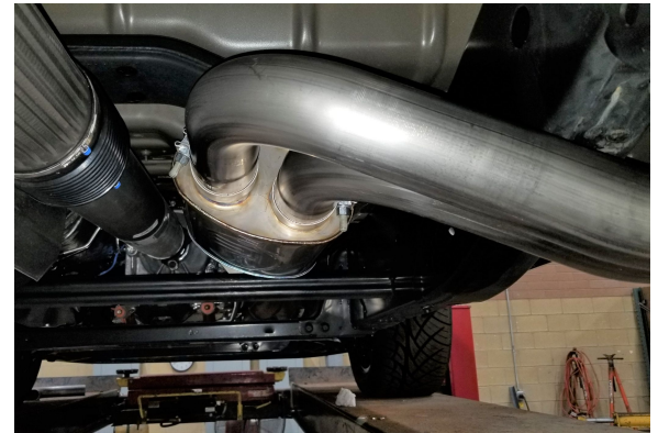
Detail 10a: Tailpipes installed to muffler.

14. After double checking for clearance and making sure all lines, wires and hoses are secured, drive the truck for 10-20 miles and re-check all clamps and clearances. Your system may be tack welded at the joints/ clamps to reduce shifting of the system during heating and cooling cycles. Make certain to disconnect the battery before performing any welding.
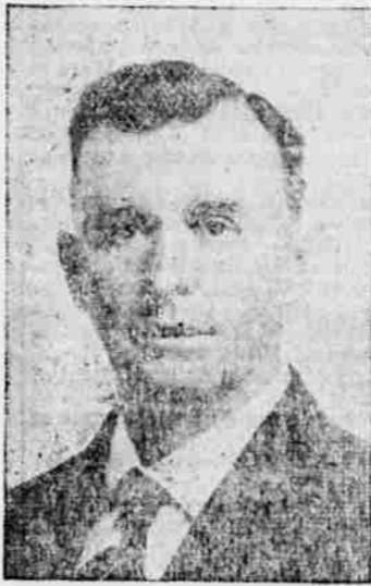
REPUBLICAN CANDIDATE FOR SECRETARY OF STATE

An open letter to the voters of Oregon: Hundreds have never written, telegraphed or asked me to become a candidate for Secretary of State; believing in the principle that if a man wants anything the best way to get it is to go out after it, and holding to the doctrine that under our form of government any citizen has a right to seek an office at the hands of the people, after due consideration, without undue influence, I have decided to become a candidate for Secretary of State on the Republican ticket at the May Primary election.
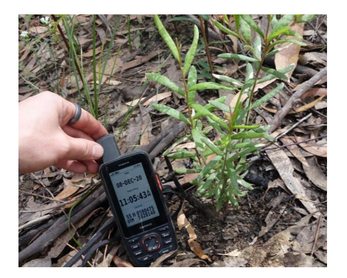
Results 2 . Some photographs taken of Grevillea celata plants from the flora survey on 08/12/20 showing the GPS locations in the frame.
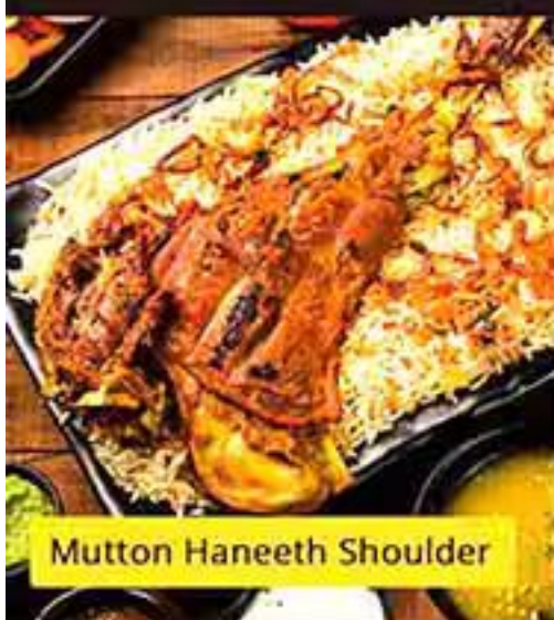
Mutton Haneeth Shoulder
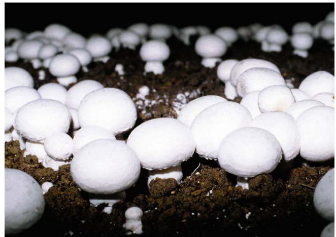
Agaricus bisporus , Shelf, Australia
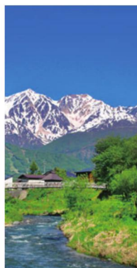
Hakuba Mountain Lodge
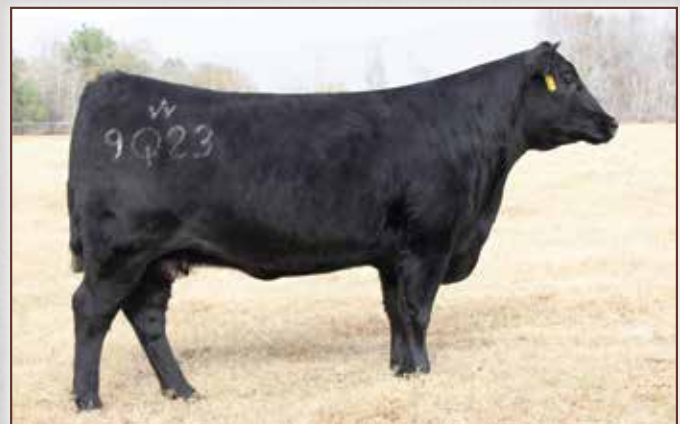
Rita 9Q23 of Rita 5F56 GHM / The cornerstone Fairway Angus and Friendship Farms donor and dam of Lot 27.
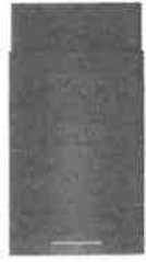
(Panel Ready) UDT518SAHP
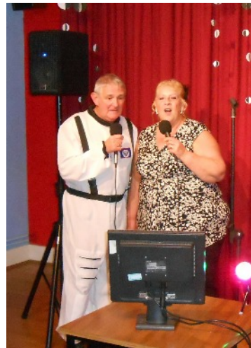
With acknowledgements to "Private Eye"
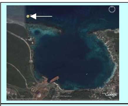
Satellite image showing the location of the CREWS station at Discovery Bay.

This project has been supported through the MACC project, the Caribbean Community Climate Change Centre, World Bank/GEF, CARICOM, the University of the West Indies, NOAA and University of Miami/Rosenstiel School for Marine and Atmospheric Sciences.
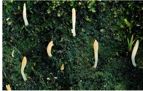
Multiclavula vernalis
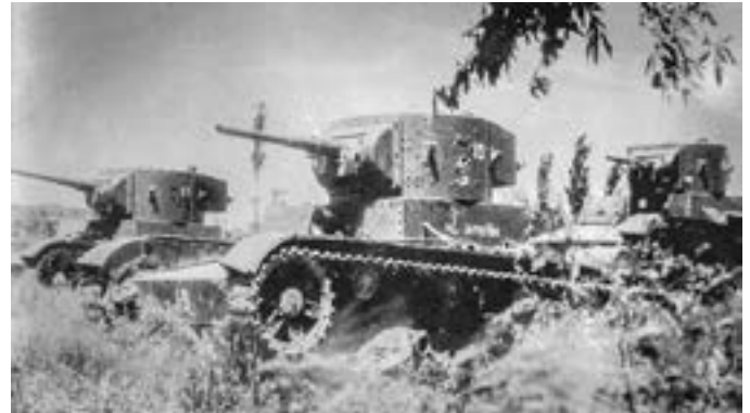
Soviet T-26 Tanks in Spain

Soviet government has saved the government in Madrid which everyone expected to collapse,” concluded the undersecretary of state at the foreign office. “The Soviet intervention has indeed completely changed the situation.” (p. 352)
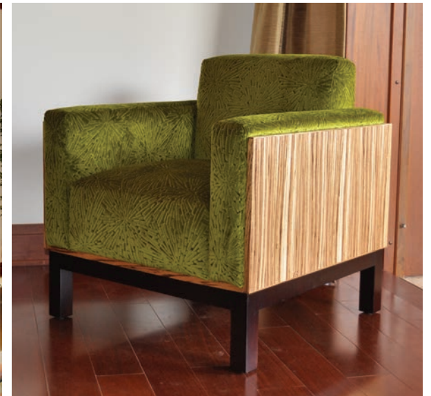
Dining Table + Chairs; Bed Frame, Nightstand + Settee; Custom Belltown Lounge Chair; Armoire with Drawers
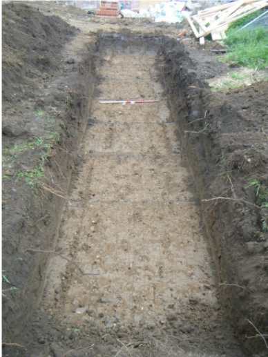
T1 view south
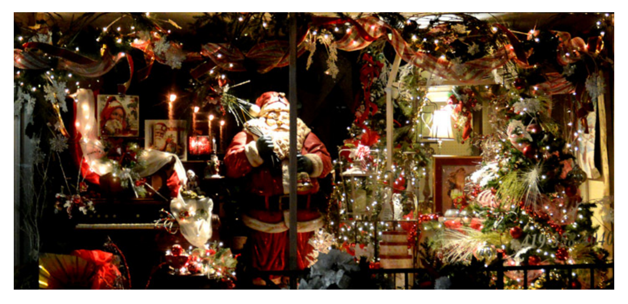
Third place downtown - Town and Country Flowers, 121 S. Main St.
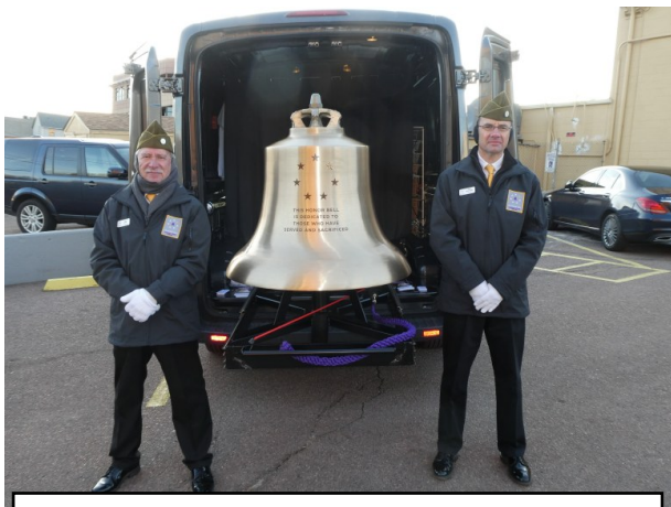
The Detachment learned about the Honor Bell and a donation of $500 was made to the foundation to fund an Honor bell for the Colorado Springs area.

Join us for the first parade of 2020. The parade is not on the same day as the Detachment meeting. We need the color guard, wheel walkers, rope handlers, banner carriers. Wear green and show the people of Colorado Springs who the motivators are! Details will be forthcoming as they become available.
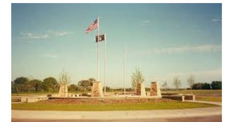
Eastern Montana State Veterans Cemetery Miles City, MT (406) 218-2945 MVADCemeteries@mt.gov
--
§ **Task prompt**
Would you please print only the lines running from the one with "Results 2 ." to the final line of the entries above, exactly as written and without pictures?

§ **Answer to this problem**
Results 2 . Some photographs taken of Grevillea celata plants from the flora survey on 08/12/20 showing the GPS locations in the frame.
Mutton Haneeth Shoulder
Agaricus bisporus , Shelf, Australia
Hakuba Mountain Lodge
Rita 9Q23 of Rita 5F56 GHM / The cornerstone Fairway Angus and Friendship Farms donor and dam of Lot 27.
(Panel Ready) UDT518SAHP
With acknowledgements to "Private Eye"
Satellite image showing the location of the CREWS station at Discovery Bay.

This project has been supported through the MACC project, the Caribbean Community Climate Change Centre, World Bank/GEF, CARICOM, the University of the West Indies, NOAA and University of Miami/Rosenstiel School for Marine and Atmospheric Sciences.
Multiclavula vernalis
Soviet T-26 Tanks in Spain

Soviet government has saved the government in Madrid which everyone expected to collapse,” concluded the undersecretary of state at the foreign office. “The Soviet intervention has indeed completely changed the situation.” (p. 352)
Dining Table + Chairs; Bed Frame, Nightstand + Settee; Custom Belltown Lounge Chair; Armoire with Drawers
T1 view south
Third place downtown - Town and Country Flowers, 121 S. Main St.
The Detachment learned about the Honor Bell and a donation of $500 was made to the foundation to fund an Honor bell for the Colorado Springs area.

Join us for the first parade of 2020. The parade is not on the same day as the Detachment meeting. We need the color guard, wheel walkers, rope handlers, banner carriers. Wear green and show the people of Colorado Springs who the motivators are! Details will be forthcoming as they become available.
Eastern Montana State Veterans Cemetery Miles City, MT (406) 218-2945 MVADCemeteries@mt.gov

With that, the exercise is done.